Lake in the Auckland Region, New Zealand

Tomarata Lake is a lake at Tomarata, Rodney in the northern Auckland Region of New Zealand.

==Geography==

Tomarata Lake is a sand dune lake located around 15 km northeast of Wellsford. It is adjacent to the Mangawhai Forest and near Te Ārai Regional Park. The lake drains into Spectacle Lake, which in turn drains into Slipper Lake, and eventually flows into the Jellicoe Channel. A former sand quarry is located near the lake, which over time developed into a lake itself.

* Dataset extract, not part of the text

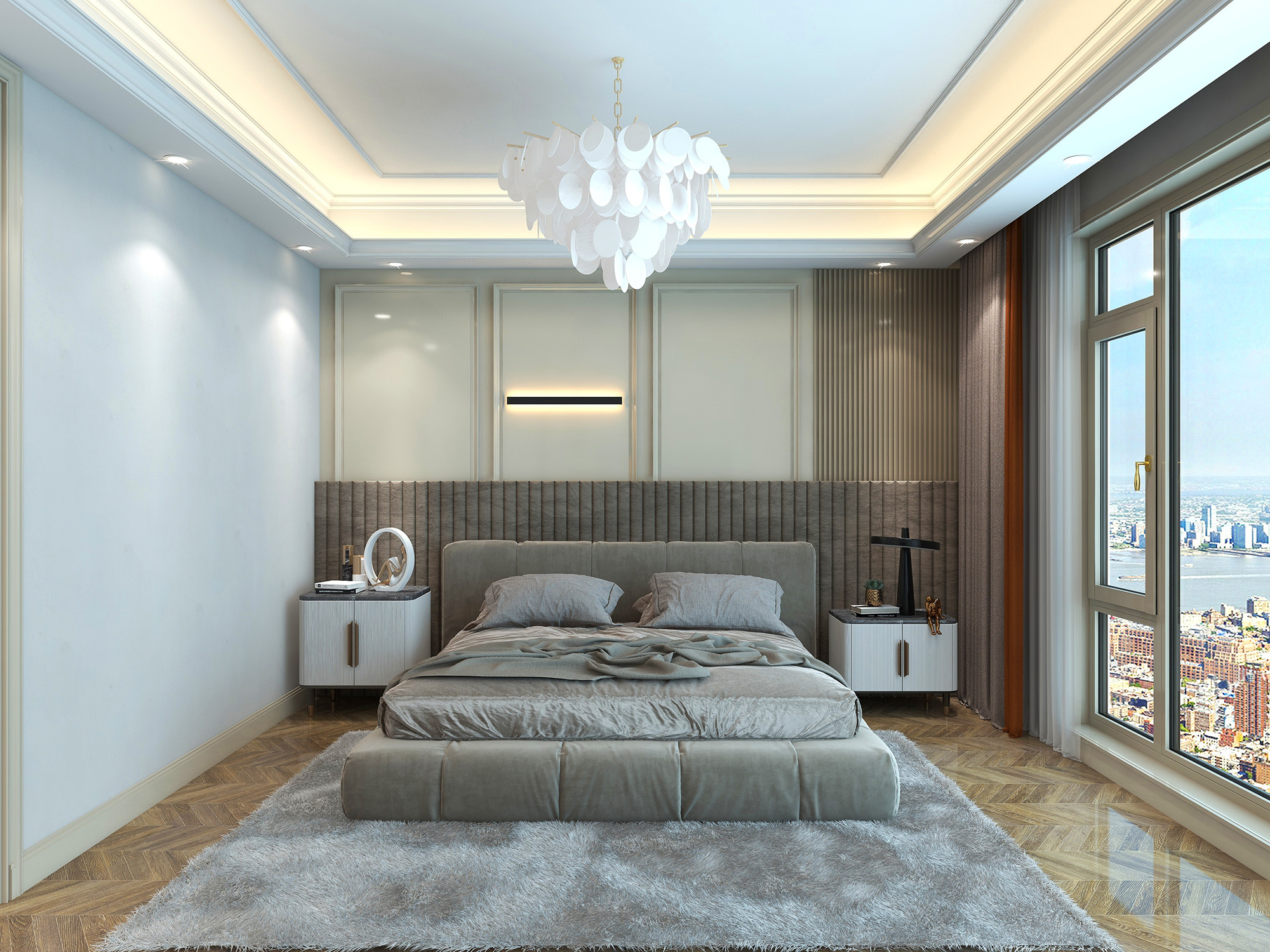 卧室是回到家,最能静下心来休息的场所。整个场景同样采用奶油色调,营造出温暖的居家感受。采用木质地板与家具,给人一种亲近大自然的温馨感。定制背景墙下方,增加了毛绒布艺的设计,与现代简约的元素巧妙搭配融合,展现出独特的装修风格。

The lake was created when the Te Ārai sand dunes began to build up, preventing water from escaping the area. It is the only example of a peatland lake in the Auckland Region. The lake has no inflow streams, and is instead fed by rainwater and the surrounding wetlands.

==Biodiversity==

The lake is a part of the Tomarata ⁠— Te Ārai Dune Lakes biodiversity focus area, and is surrounded by extensive wetlands.

The lake is home to many threatened bird species, such as the New Zealand fernbird, Eurasian bittern and the Buff-banded rail.

==Recreation==

The lake is used for recreational swimming, boating and jetskiing, and is the most accessible of the northern Rodney lakes.